I'm trying to parse a large CSV file (this one, to be exact) into a Map
from numbers to objects. Because the file is big and may take a while to download, the code parses it while it's still downloading, in order to prevent doing all the work at once, after the download finishes. Here's the code:
const unicodeDataReader = (await fetch("data/ucd/UnicodeData.txt")).body.getReader();
const decoder = new TextDecoder();
let chunk, done;
let codePoint, column = 0, fieldBytes = [], codePointObj = {};
while ({ value: chunk, done } = await unicodeDataReader.read(), !done) {
for (const byte of chunk) {
if (byte === 0x3B) { // ;
const a = new Uint8Array(fieldBytes);
const field = decoder.decode(a);
switch (column) {
case 0:
codePoint = Number.parseInt(field, 16);
break;
case 1:
codePointObj.name = field;
break;
case 2:
codePointObj.generalCategory = field;
break;
}
fieldBytes.length = 0;
column++;
} else if (byte === 0x0A) { //
ucd.codePoints.set(codePoint, codePointObj);
fieldBytes.length = 0;
column = 0;
codePointObj = {};
} else {
fieldBytes.push(byte);
}
}
}
However, this code performs very poorly (even when downloading from localhost
) and I don't know why.
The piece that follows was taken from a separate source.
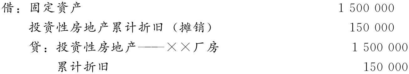 (一)采用成本模式计量的投资性房地产转为自用房地产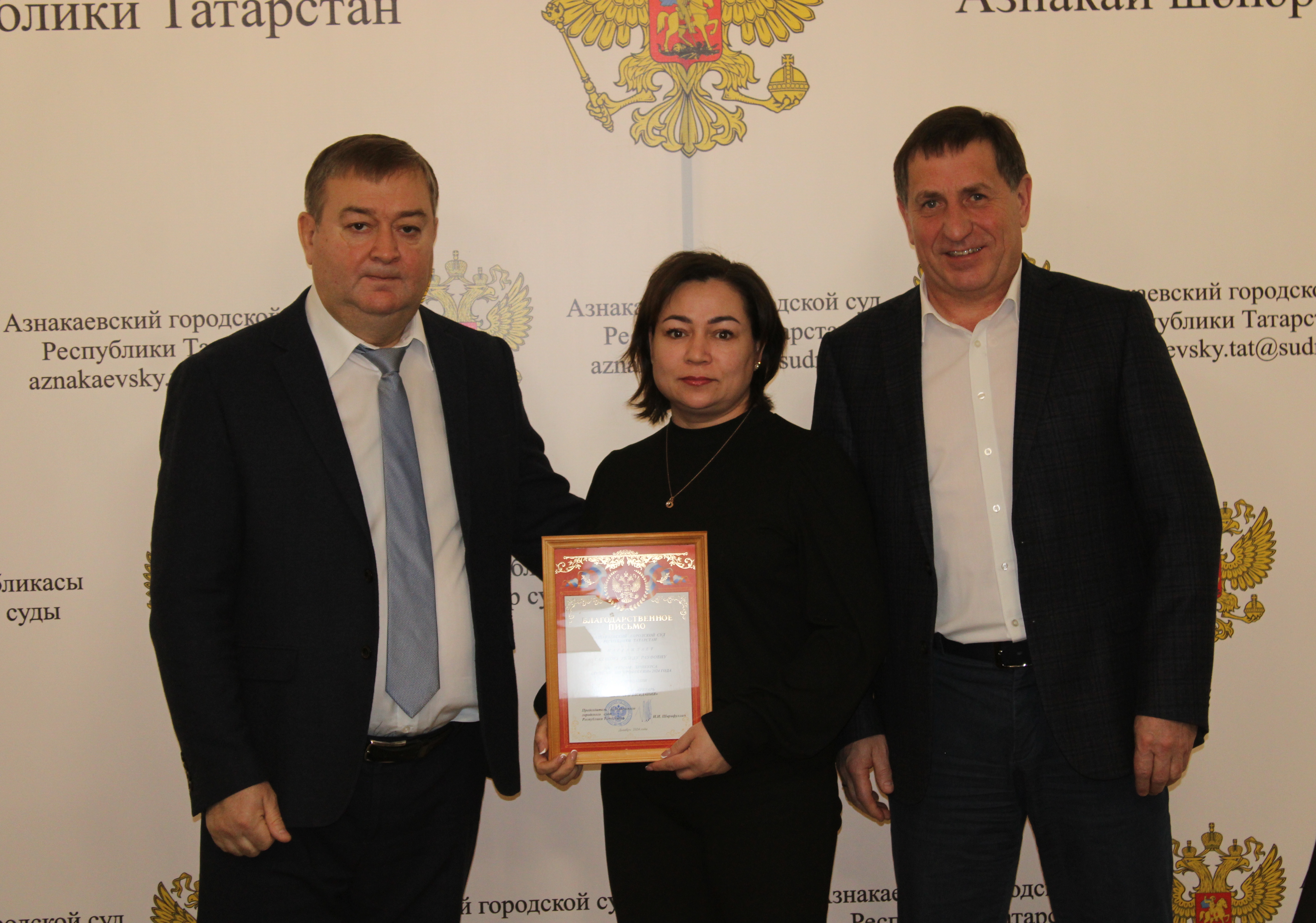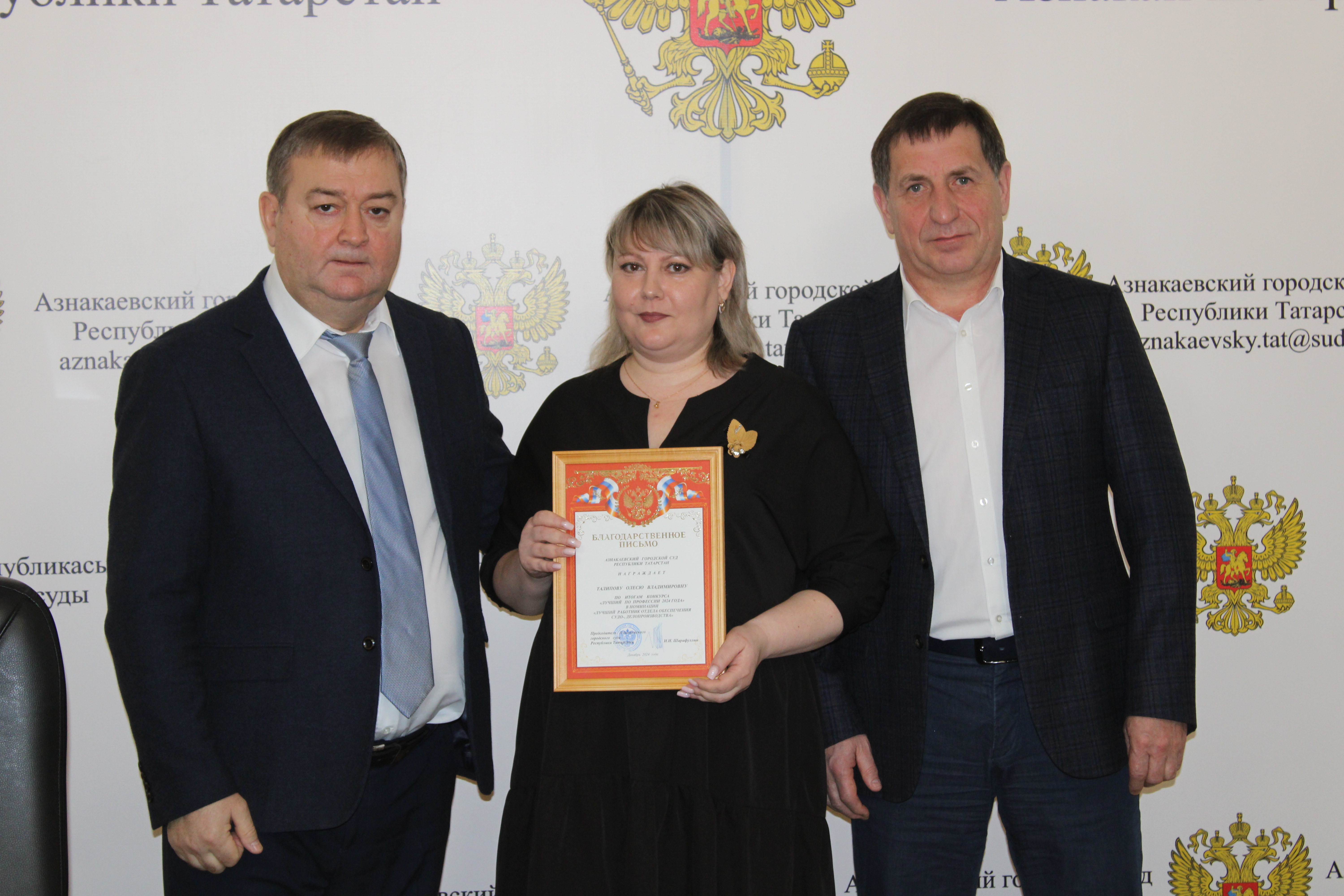 Победители конкурса«Лучший по профессии - 2024» награждены Благодарственным письмом Азнакаевско гогородского суда Республики Татарстан.Председатель суда Ильдар Ирекович Шарифуллин вручил Благодарственные письма Азнакаевского городского суда победителям ежегодного конкурса «Лучший по профессии – 2024»: - Зиннуровой Резеде Ринатовне – помощнику судьи, - Салаховой Резеде Рауфовне – секретарю судебного заседания, - Талиповой Олесе Владимировне – секретарю суда. Церемония вручения прошла в торжественной обстановке с участием руководителя исполнительного комитета Азнакаевского муниципального района Айдара Халяфутдиновича Шамсутдинова,коллективов Азнакаевского городского суда, судебных участков мировых судей и приглашенных гостей. Поздравляем Резеду Ринатовну, Олесю Владимировну и Резеду Рауфовнус заслуженными наградами и желаем им дальнейших профессиональных успехов,достижений и высот, крепкого здоровья,счастья, семейного благополучия и мирного неба над головой! Пресс-центр суда |

Chrome DevTools says that the lines that take the most time to execute are:
const a = new Uint8Array(fieldBytes);
const field = decoder.decode(a);
The most weird thing about this is that this similar approach seems to work much better, but it may not work if a character is split between two chunks. (This doesn't happen with this file, because there are only ASCII characters, but I'm planning on adapting this code for other similar files.)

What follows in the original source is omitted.